Title: Selective Attention Tracking - Neural Markers in Listeners Across Hearing Conditions Opponent: Professor Edmund C. Lalor, University of Rochester

Abstract: Understanding how the human brain selectively attends to a single speaker in multi-speaker environments is central to both auditory neuroscience and the development of hearing technologies. A promising approach for addressing these challenges, and learning how the brain encodes speech, is auditory attention decoding (AAD), which aims to infer a listener’s attended speech stream from measurements of neural activity, such as electroencephalography (EEG). 

Challenges within the field of AAD includes developing reliable and usable measure for selective attention in wearers. These methods should be both applicable in wearable EEG and robustly decode attention. Additionally, these methods should not bias decisions without necessity. Furthermore, the spectrum of listening scenarios is broad. AAD methods should be applicable to a wide variety of languages, talkers, acoustic listening conditions, and listening tasks such as switching attention between conversations of interest. Solutions should also work for both normal hearing and hearing aid users, as their acoustic experiences differ. 

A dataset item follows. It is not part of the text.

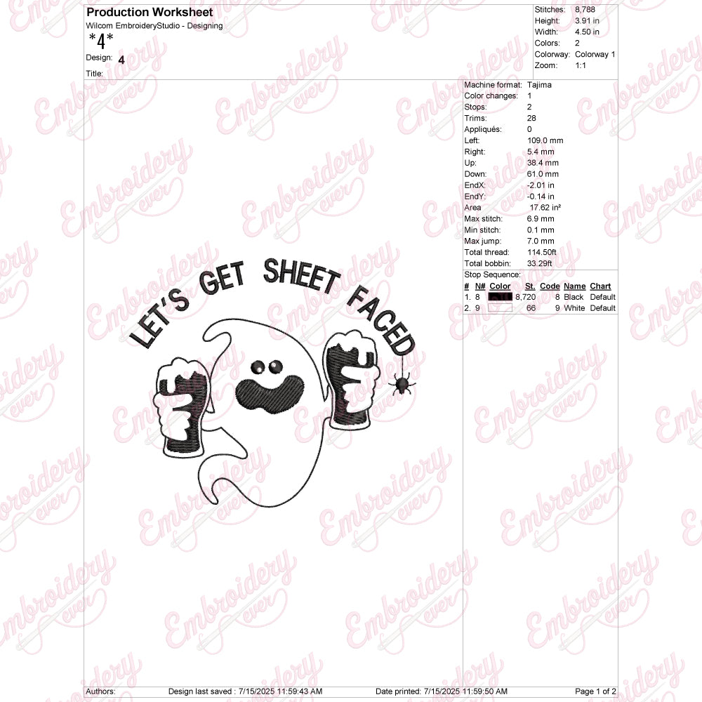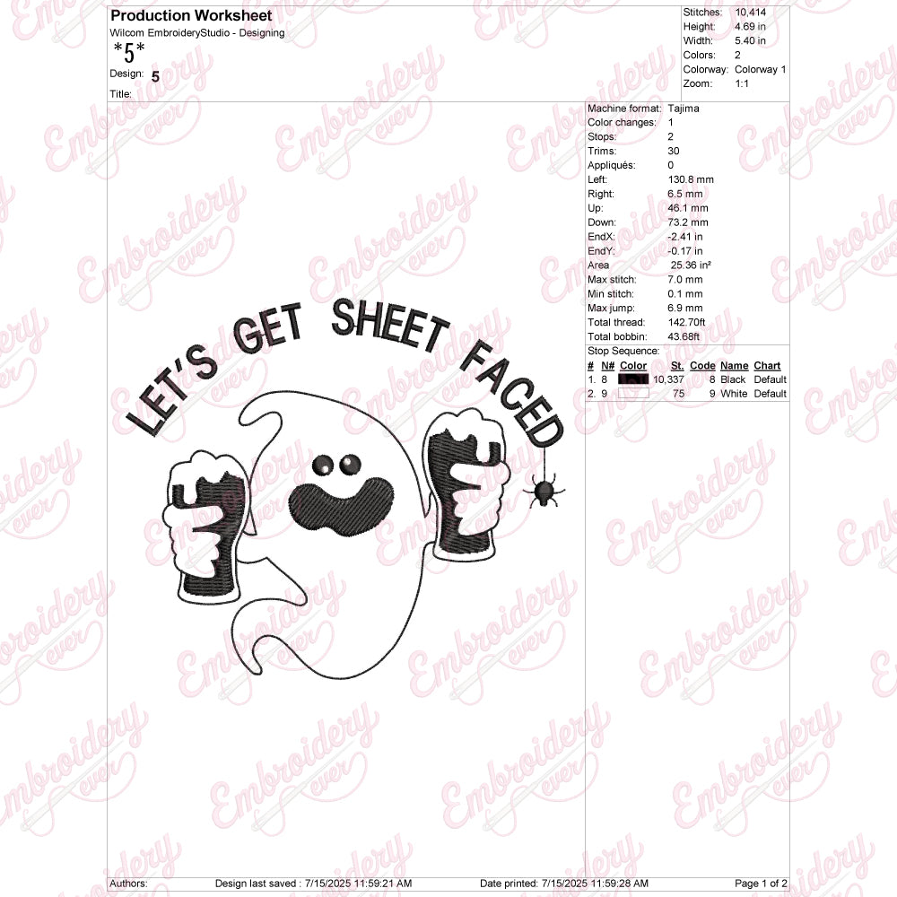 Let's Get Sheet Faced Digital Download Machine Embroidery Design

This thesis develops and evaluates methods for tackling some of these challenges. The work investigates how preprocessing choices affect AAD performance, proposes model-based methods for quantifying relationships between continuous speech signals and concurrent neural recordings. The work also evaluates spatial feature extraction approaches for decoding the directional focus of auditory attention. Furthermore, a novel dataset is introduced, capturing more ecologically valid listening conditions including conversational speech, attention switching, and mobile EEG recordings. The generalization of state-of-the-art AAD methods to these settings is examined. Finally, methods for tracking auditory attention dynamically over time are explored as a step toward real-time applicability. The results highlight both the potential and current challenges of integrating neural attention decoding into future hearing aid technology, with the long-term goal of understanding and enabling selective attention in varied acoustic scenes.